- Poster
- Hangul: 아워 바디
- RR: Awo badi
- MR: Awŏ padi
- Directed by: Han Ka-ram
- Written by: Han Ka-ram
- Produced by: Park Syu-young
- Starring: Choi Hee-seo Ahn Ji-hye
- Cinematography: Lee Seong-eun
- Edited by: Han Ka-ram
- Music by: Lee Soo-yeon Lee Hae-in
- Production company: Korean Academy of Film Arts
- Release dates: September 11, 2018 (TIFF); October 5, 2018 (Busan);
- Running time: 93 minutes
- Country: South Korea
- Language: Korean

= Our Body (2018 film) =

2018 film by Han Ka-ram

Our Body is a 2018 South Korean drama film written and directed by Han Ka-ram. It is her debut feature film.

==Plot==
The film follows a young woman, Ja-young, who struggles to find her purpose in life.

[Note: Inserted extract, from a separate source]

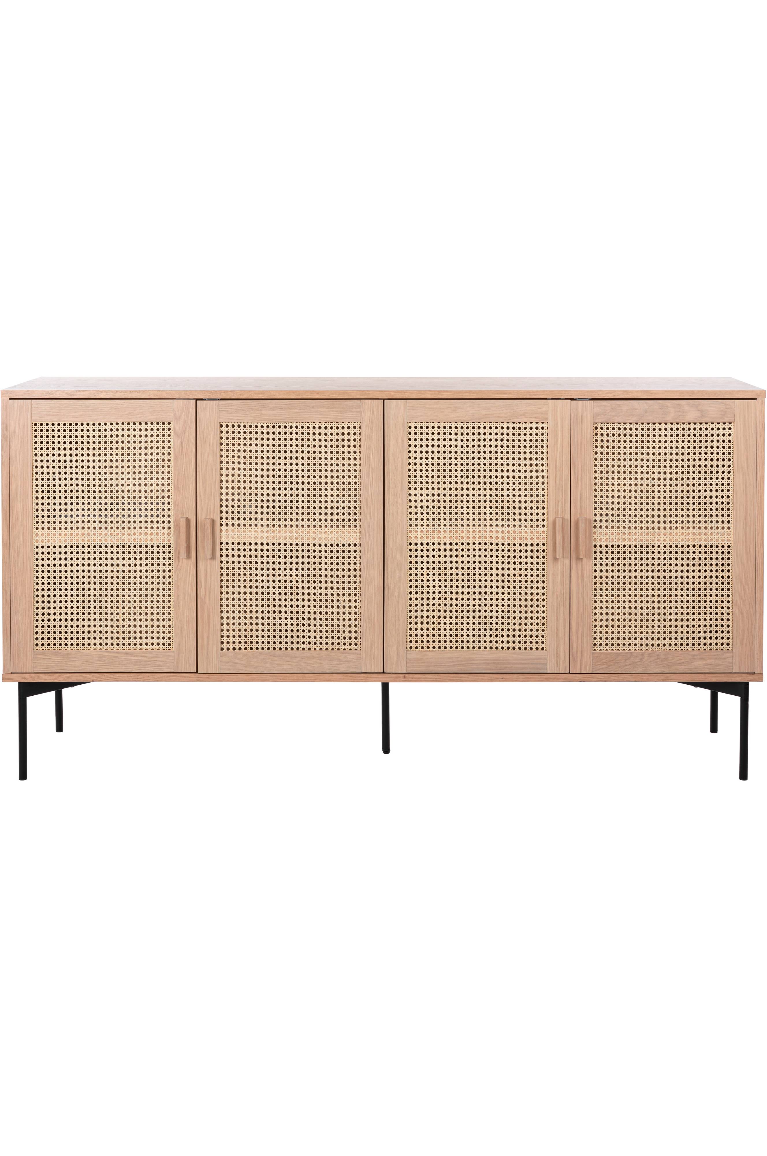 Senkki lakattua tammea, rottinkia ja metallia. 4 ovea.

One day, Ja-young encounters a determined runner and develops a fascination her, modeling her life after the runner.

==Cast==
- Choi Hee-seo as Ja-young
- Ahn Ji-hye as Hyun-joo
- Kim Jung-young
- Park Sayon

== Release ==
The film had its world premiere in the Discovery programme of the 2018 Toronto International Film Festival, held from 6 to 16 September 2018. It was then screened at the 23rd Busan International Film Festival in October 2018.

==Reception==
Reviewing the film for Screen Daily, Jason Bechervaise called it an "impressive feature debut", with Choi Hee-seo delivering "a nuanced and dedicated performance". Varietys Jessica Kiang noted it as "a promising but almost willfully obscure debut" and "a convincing but underpowered exploration of female identity and alienation in status-and-youth-obsessed contemporary Seoul".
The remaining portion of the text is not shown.